◆ WORK REQUEST ◆
Below are some records; output exactly the lines from the line with "FIGURA 1: ORGANOGRAMA 2007" to the line with "Na Leitura da", both ends kept, and nothing more.

◆ SOURCE RECORDS ◆
★ ★ ★ ★ ★ ★ ★
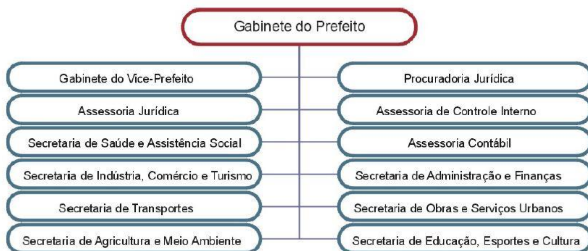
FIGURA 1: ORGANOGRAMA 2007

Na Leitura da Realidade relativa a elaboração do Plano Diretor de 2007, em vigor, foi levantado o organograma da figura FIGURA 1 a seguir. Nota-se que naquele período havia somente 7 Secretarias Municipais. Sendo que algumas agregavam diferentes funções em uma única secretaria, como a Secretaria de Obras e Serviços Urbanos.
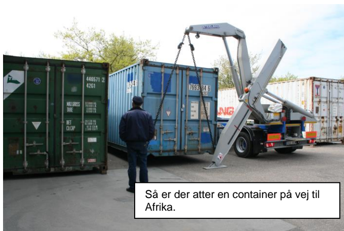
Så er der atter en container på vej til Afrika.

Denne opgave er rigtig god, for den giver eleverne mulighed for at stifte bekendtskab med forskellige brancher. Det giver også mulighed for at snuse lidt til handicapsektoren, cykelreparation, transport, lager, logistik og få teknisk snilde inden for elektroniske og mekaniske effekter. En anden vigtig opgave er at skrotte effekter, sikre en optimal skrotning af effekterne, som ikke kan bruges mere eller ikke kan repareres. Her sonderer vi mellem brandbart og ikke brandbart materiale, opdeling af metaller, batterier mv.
★ ★ ★ ★ ★ ★ ★
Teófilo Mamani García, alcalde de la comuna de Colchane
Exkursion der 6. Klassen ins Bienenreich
★ ★ ★ ★ ★ ★ ★
◆ SOLUTION TO THIS TASK ◆
FIGURA 1: ORGANOGRAMA 2007

Na Leitura da Realidade relativa a elaboração do Plano Diretor de 2007, em vigor, foi levantado o organograma da figura FIGURA 1 a seguir. Nota-se que naquele período havia somente 7 Secretarias Municipais. Sendo que algumas agregavam diferentes funções em uma única secretaria, como a Secretaria de Obras e Serviços Urbanos.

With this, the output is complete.